El film de Cronenberg se concentra en la desintegración psíquica de sus protagonistas, algo que se acelera cuando Beverly, el más humano pero también el más débil de ellos, intenta alejarse de su hermano tras enamorarse de una de sus pacientes, una actriz estéril –”trompas de falopio mutantes” es el diagnóstico- con la que ambos se acostaban intercambiando sus identidades. La serie toma este esqueleto pero, a diferencia del film, aquí no solo es una exploración de la personalidad de sus gemelas sino, sobre todo, una sátira social de nuestra época, una suerte de comedia de costumbres acerca de la desconexión y la inhumanidad de los privilegiados.
La narrativa tiene dos vías: el desarrollo de la relación de Beverly con la actriz estéril Geneviève (por Geneviève Bujold, quien la interpretaba este personaje en la película) y la búsqueda de financiamiento de las dos hermanas para una nueva clínica de fertilidad. Por este derrotero se da un desfile de mujeres que uno ama odiar como la millonaria que tiene cinco hijos con vientres de alquiler y aspira a un sexto, o la empresaria que se pregunta cuál sería la beneficio de dar tratamientos médicos con costos accesibles a todos, al tiempo que ofrece una cena para otras herederas ricas en un salón presidido por la gigantografía de una vulva. Está claro que el tono del relato es paródico y su objeto es la versión despolitizada y convertida en “tendencia” del empoderamiento femenino. En la serie casi no hay hombres y los pocos que aparecen son ridiculizados o son totalmente sumisos ante sus parejas.

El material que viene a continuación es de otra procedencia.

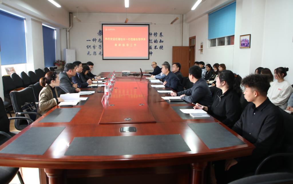 任甫校长一行听取了生物学系相关工作汇报,并与基础医学院领导班子、生物学系全体教师、部分学生代表进行了深入座谈,并与学生互动,回答了一些学生在学习生活、实习就业、专业认知、自身发展等方面关心的问题。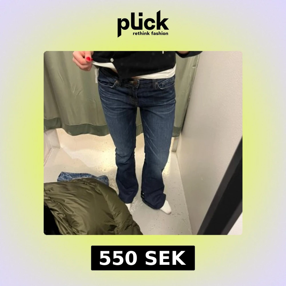 Snygga mörkblå jeans från med klassisk bootcut-passform. Jeansen har fem fickor, knapp och dragkedja framtill samt en skön midwaist. Perfekta för dig som gillar en retro vibe och vill ha jeans med lite utsvängda ben.

Así como las pacientes suelen ser presentadas de modo compasivo, el retrato del resto de las mujeres es tan antipático que pareciera que Dead Ringers va a contramano del sentir actual y se atreve a cuestionar nuestros nuevos dogmas respecto del género. Es una ilusión óptica: el blanco de los ataques es el más fácil de todos: la clase dominante, los ricos consentidos y mezquinos que carecen de cualquier tipo de empatía. El hecho de que se nombren en femenino es contingente y secundario. El objeto último de la crítica es el capitalismo que, tal como ejemplifica la serie, convierte a las personas en objetos y hace posible comprar hijos como muñecas.
A diferencia de la obra de Cronenberg, que sin exhibirse como transgresora se construye sobre transgresiones -de los límites del cuerpo o de lo humano-, aquí el estilo mordaz que impone la guionista y showrunner parece burlarse la idiosincracia actual y sin embargo jamás pasa por encima de algún límite o tabú vigente. No hay exceso alguno en tomarle el pelo a los millonarios o en criticar al mercado de la salud o a los hombres blancos heterosexuales cisgénero. La serie ejemplifica la encrucijada a la que llegaron las posiciones de izquierda: las ideas dominantes, al menos en los ámbitos intelectuales de los que emergen libros, películas o series, hoy salen de la agenda discursiva de la izquierda (el anticapitalismo, la igualdad de resultados en lugar de oportunidades, el empoderamiento de ciertos grupos oprimidos, etcétera). Es decir, la izquierda no enfrenta la hegemonía cultural sino que la representa, y si algo se pretende transgresor, necesariamente tiene que hablar desde otro lado.